TASK GOAL → Every line below from the one containing "When drawing the" through the one containing "Crescita a cifra" must be transcribed exactly. Omit all lines outside that stretch.

::: EXERCISE INPUT :::

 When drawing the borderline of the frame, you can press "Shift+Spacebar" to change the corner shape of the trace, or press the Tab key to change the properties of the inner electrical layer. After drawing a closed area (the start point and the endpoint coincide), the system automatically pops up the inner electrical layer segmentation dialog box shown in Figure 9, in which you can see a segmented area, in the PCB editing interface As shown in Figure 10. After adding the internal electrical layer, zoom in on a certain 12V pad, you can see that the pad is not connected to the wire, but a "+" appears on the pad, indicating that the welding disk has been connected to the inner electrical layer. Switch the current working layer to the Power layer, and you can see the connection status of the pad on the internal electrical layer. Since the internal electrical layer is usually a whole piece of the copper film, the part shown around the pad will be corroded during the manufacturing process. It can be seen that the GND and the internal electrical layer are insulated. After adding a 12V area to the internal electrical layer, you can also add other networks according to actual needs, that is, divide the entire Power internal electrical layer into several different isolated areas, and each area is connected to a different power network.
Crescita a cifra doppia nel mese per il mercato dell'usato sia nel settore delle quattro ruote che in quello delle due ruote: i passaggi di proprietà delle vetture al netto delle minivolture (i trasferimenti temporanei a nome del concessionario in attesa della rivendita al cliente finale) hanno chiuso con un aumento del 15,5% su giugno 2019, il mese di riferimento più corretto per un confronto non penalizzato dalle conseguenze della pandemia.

:::
::: EXERCISE INPUT :::

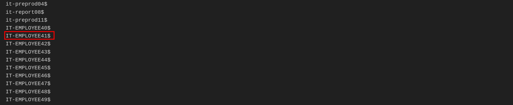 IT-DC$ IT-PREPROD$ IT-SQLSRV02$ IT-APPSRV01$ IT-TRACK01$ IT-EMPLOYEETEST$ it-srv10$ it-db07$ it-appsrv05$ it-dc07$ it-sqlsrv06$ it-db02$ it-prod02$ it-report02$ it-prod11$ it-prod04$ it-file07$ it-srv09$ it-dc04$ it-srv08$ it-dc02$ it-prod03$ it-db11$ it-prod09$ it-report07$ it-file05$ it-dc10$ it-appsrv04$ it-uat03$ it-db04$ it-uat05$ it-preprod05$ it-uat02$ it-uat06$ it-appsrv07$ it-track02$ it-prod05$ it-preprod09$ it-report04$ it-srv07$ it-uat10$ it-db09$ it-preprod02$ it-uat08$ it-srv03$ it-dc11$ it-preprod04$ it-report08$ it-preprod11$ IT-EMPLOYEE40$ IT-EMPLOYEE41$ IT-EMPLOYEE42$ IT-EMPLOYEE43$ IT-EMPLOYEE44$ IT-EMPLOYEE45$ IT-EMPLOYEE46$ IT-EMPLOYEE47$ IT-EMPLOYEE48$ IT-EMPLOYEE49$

:::

TASK RESPONSE →
 When drawing the borderline of the frame, you can press "Shift+Spacebar" to change the corner shape of the trace, or press the Tab key to change the properties of the inner electrical layer. After drawing a closed area (the start point and the endpoint coincide), the system automatically pops up the inner electrical layer segmentation dialog box shown in Figure 9, in which you can see a segmented area, in the PCB editing interface As shown in Figure 10. After adding the internal electrical layer, zoom in on a certain 12V pad, you can see that the pad is not connected to the wire, but a "+" appears on the pad, indicating that the welding disk has been connected to the inner electrical layer. Switch the current working layer to the Power layer, and you can see the connection status of the pad on the internal electrical layer. Since the internal electrical layer is usually a whole piece of the copper film, the part shown around the pad will be corroded during the manufacturing process. It can be seen that the GND and the internal electrical layer are insulated. After adding a 12V area to the internal electrical layer, you can also add other networks according to actual needs, that is, divide the entire Power internal electrical layer into several different isolated areas, and each area is connected to a different power network.
Crescita a cifra doppia nel mese per il mercato dell'usato sia nel settore delle quattro ruote che in quello delle due ruote: i passaggi di proprietà delle vetture al netto delle minivolture (i trasferimenti temporanei a nome del concessionario in attesa della rivendita al cliente finale) hanno chiuso con un aumento del 15,5% su giugno 2019, il mese di riferimento più corretto per un confronto non penalizzato dalle conseguenze della pandemia.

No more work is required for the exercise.